EDIT:  I am NOT typing from my laptop at the moment.  That would be suicide.  This is from a temporary location.  I have done nothing and will do nothing to endanger the HLP community.
« Last Edit: December 08, 2005, 12:57:55 pm by Trayus »

 
As long as you don't email it'd be ok, is my geuss.

I think you can safely backup anything that isn't executable, contains macros (word documents), orstuff like that. Or just scan the lot before opening it again, it ought to be safe.
just another newbie without any modding, FREDding or real programming experience

you haven't learned masochism until you've tried to read a Microsoft help file.  -- Goober5000
I've got 2 drug-addict syblings and one alcoholic whore. And I'm a ****ing sociopath --an0n
You cannot defeat Windows through strength alone. Only patience, a lot of good luck, and a sledgehammer will do the job. --StratComm

 

Offline Wanderer

  • Wiki Warrior
  • 211
  • Mostly harmless
Looking from the Sophos page it seems rather bad one, but it seems to be copied only to Windows system folder.

And by looking to Symantec the worm may dl rootkit, open its own mail service, open FTP access, block contacts to any anti-virus related address, open a backdoor to the cpu, turn off antivirus systems and the list goes on... That might be the reason for the format request.
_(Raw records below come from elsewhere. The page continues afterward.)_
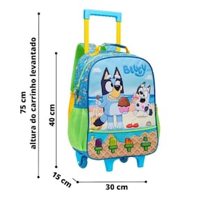 Kit mochila de carrinho escolar com rodinhas lancheira e estojo bluey
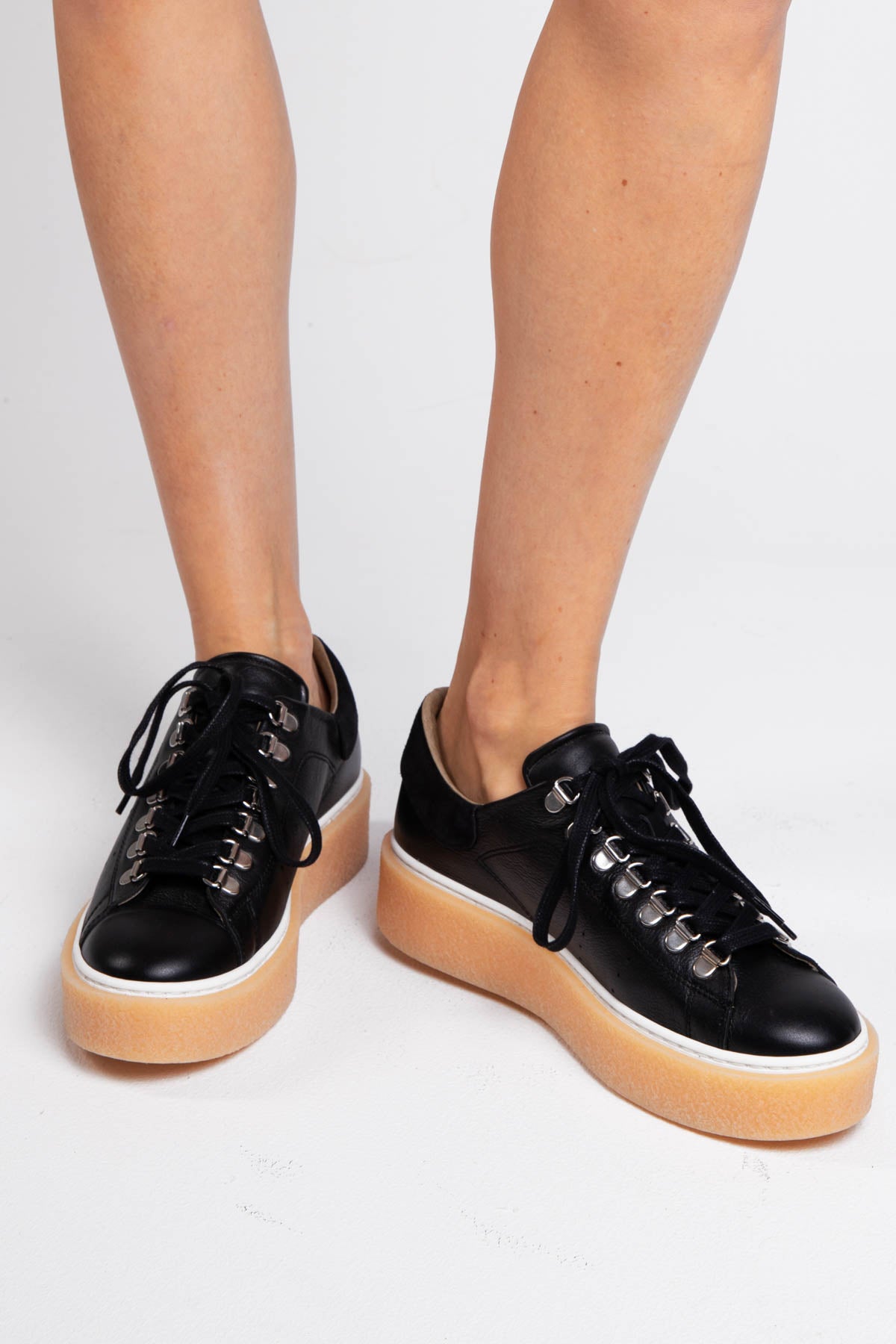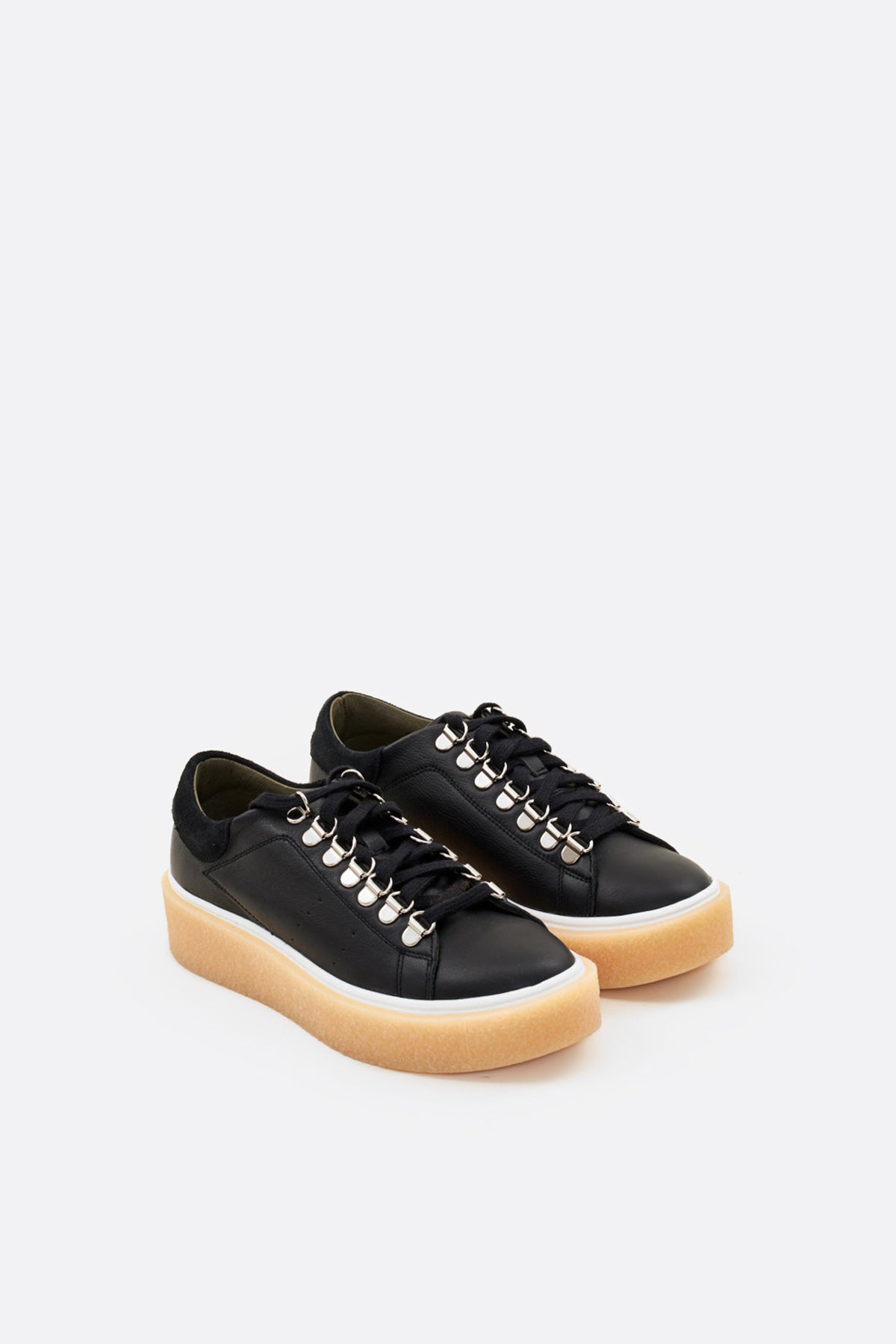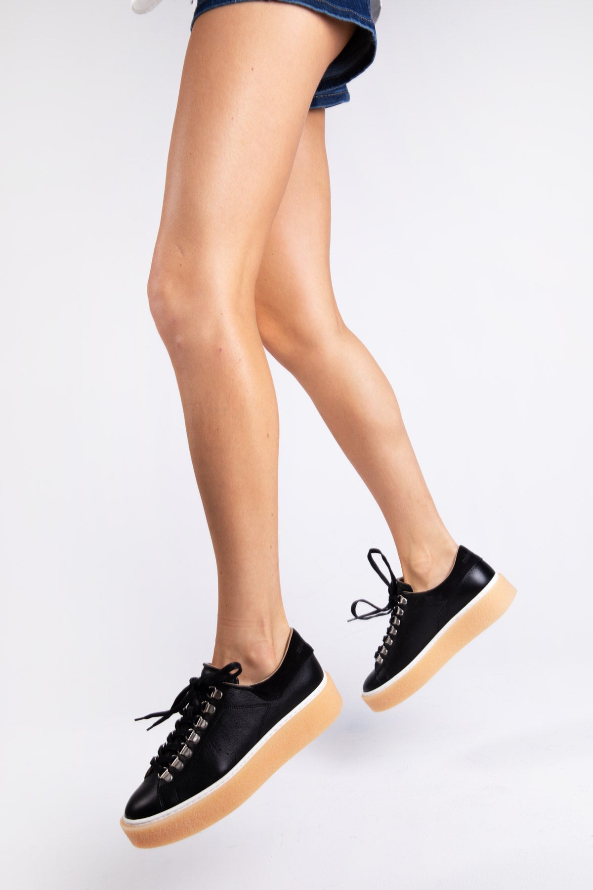 Un style méditerranéen, une fabrication artisanale et des matériaux sélectionnés avec soin, voici les sneakers Marianne. Un classique revisité. Elles sont dotées de clous métalliques contrastés, de lacets ton sur ton et d'une double semelle de 4 cm.
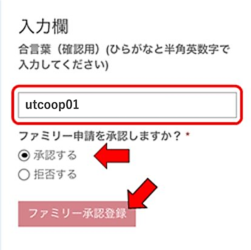 ④ファミリー承認画面に移ります。「合言葉」を入力し、「承認する」を選択。「ファミリー承認登録」をタップします。
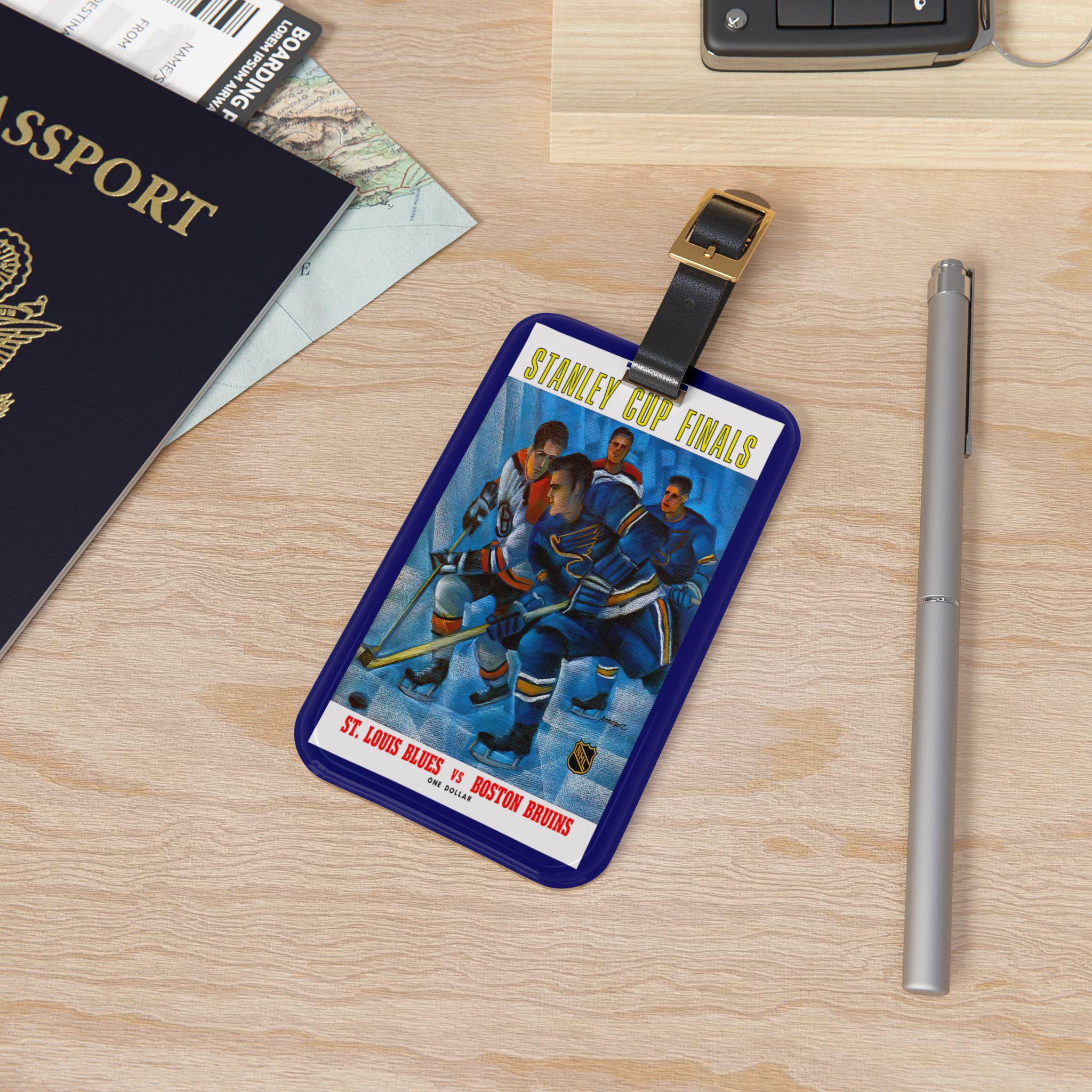 Carry a piece of vintage hockey history with you. This acrylic luggage tag echoes the gritty, electric energy of the 1969–1970 St. Louis vs. Boston era — bold typography and retro styling that feel like an old arena poster slipped into your bag. It lands perfectly on the corner of a duffel or roller case, adding a confident, lived-in character to your travel gear. The glossy print punches through the acrylic, so the colors stay lively after plane rides and airport baggage belts. An adjustable black leather strap secures the tag to handles, and a discreet rear pocket holds your contact card for easy identification. Whether you’re heading to a weekend rink visit or traveling to catch a vintage game, this tag announces your fandom without yelling for attention.
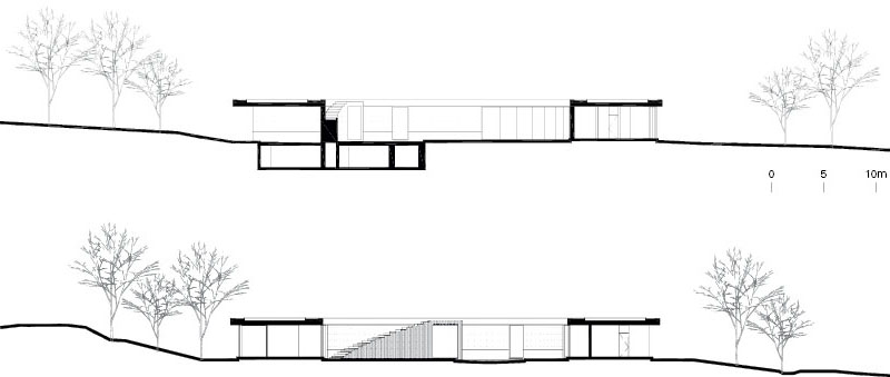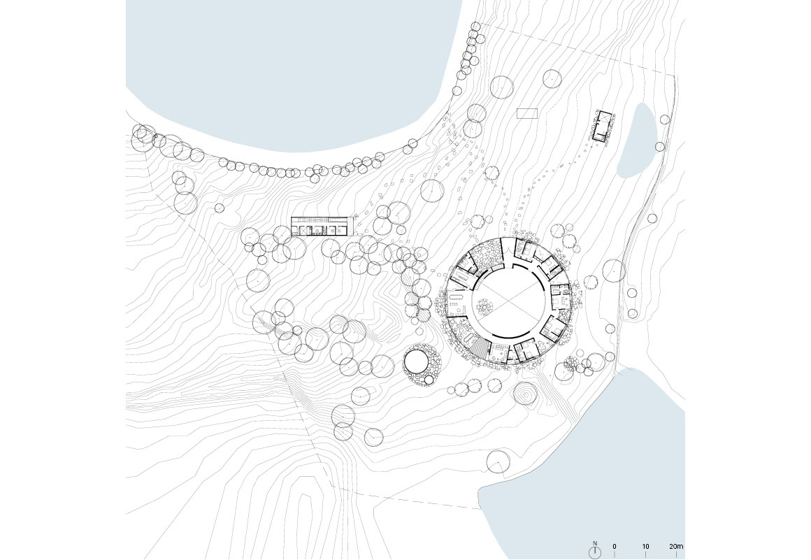 Completed in 2024, the house occupies a site of approximately 8,200m² in La Reserva Peñitas, with a total floor area of 1,115m². Its geometry extends the conventional 360-degree field of vision, recalling a sundial that registers the passage of time through changing light and shadow. Alongside the circular main house are two detached volumes: a studio/guest room and an auxiliary building containing bedrooms and service spaces. This separation accommodates two families and visitors while following the site’s topography and preserving existing vegetation. The house is organized across a ground floor and an open roof terrace. Within the circular plan, rectangular bedrooms, bathrooms, and a kitchen are arranged, while a continuous circulation path runs along the perimeter, extending into terraces facing the courtyard and gardens opening outward. Flexible openings, including large folding windows, connect the interior and exterior.
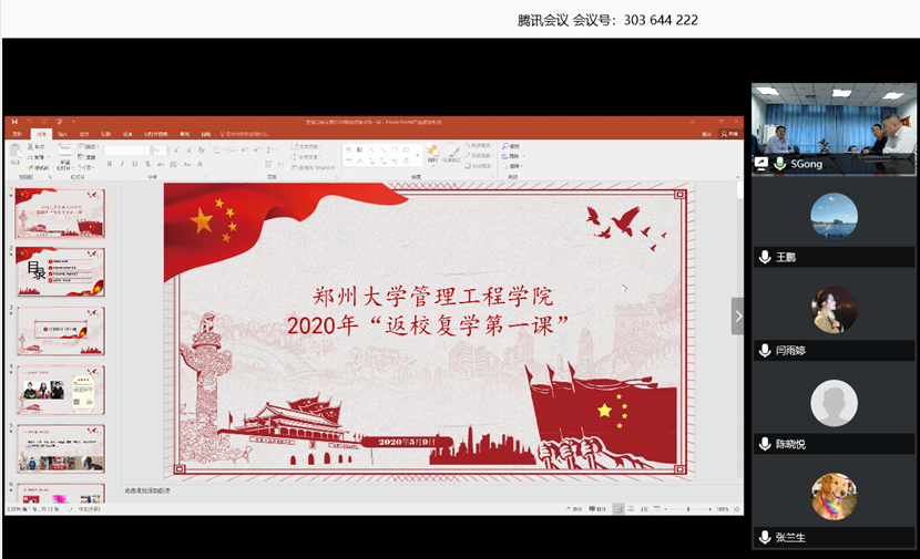 2020年5月9日,在郑州大学管理学院的会议室里时而传出朗朗发言、盈盈笑声,时而响起热烈讨论、振奋歌声,学院党委书记苗惠卿、院长朱永明正带领主管研究生工作的副书记贾兰平、副院长李玉民及团委书记、研究生辅导员徐柳,通过视频会议连线管理工程学院首批返校的4位研究生兼职辅导员,开展着一堂生动的“返校复学第一课”活动。
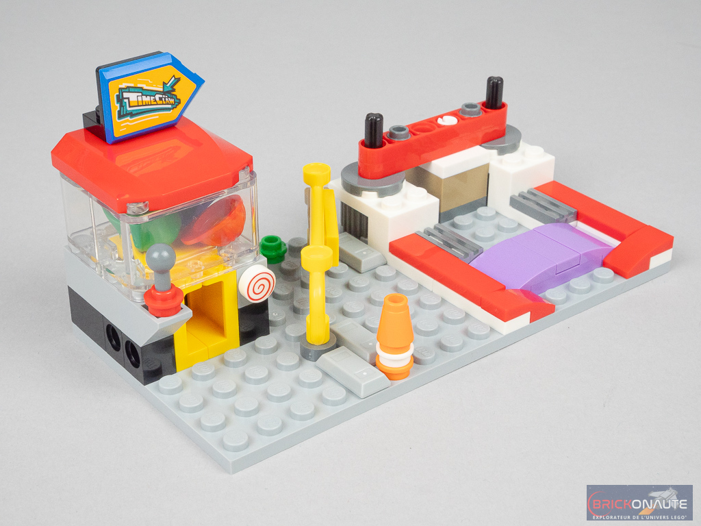 Le module suivant est un peu « méta » – il s’agit d’un distributeur automatique de LEGO comme on peut en trouver dans certains aéroports. On devine même un set LEGO Monkie Kid à l’intérieur. On vient le poser à côté du couturier. Au-dessus, on fixe une enseigne en forme de chaussure, dont on se demande ce qu’elle vient faire là.
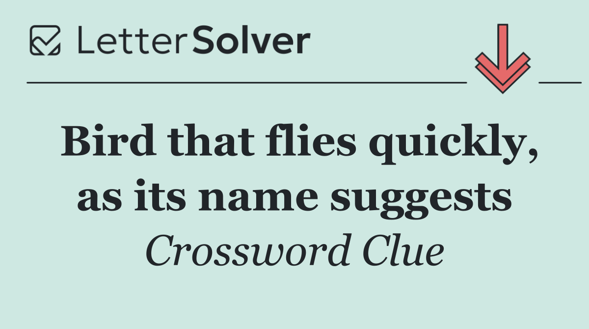 We specialize in solving many of your favorite puzzles, including the New York Times, USA Today, LA Times, Daily Themed Crosswords, and more. The "Bird that flies quickly, as its name suggests" clue from the Universal puzzle, December 26 edition, is one such example.
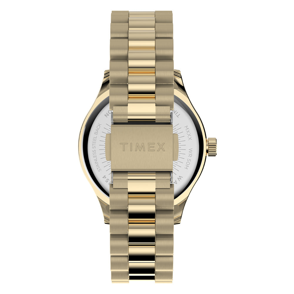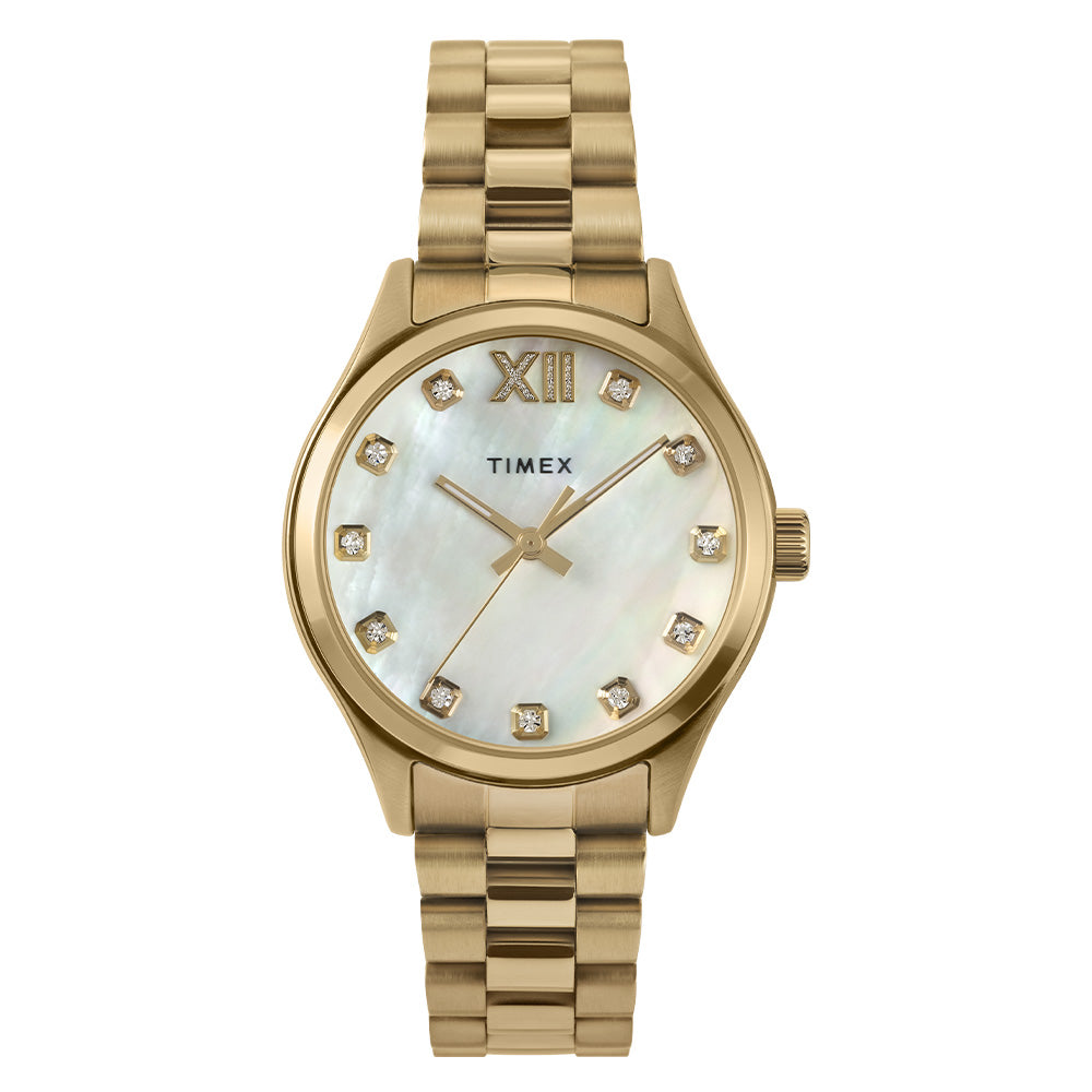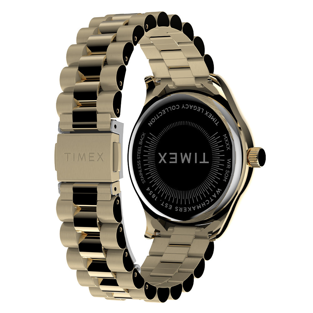 A fresh take on a traditional watch, the Timex Legacy never fails to find new ways of telling our story. This thoughtfully crafted timepiece features a gold-tone 34mm case and coordinating stainless-steel bracelet with a natural mother-of-pearl dial that shimmers with your every movement. A testament to our heritage and well-suited for everyday wear, the dial offers gorgeous crystal accents, luminant hands, and a glittering Roman numeral marker at 12 o’clock.

Btw here is a removal tool for W32.Mytob@mm. I don't know if it works though, just happened to find it...
Do not meddle in the affairs of coders for they are soggy and hard to light

 

Offline ToecrusherHammerjaw

  • 27
  • Trayus no more.
Wow, thanks Wanderer!  That tool must be fairly recent, or I'd have heard about it sooner.  I will try it when I get home tonight.  If it works, you have my gratitude, and I will tell ResCom about it.  Maybe they can use it, because this virus has seen a serious outbreak throughout the Penn State campus.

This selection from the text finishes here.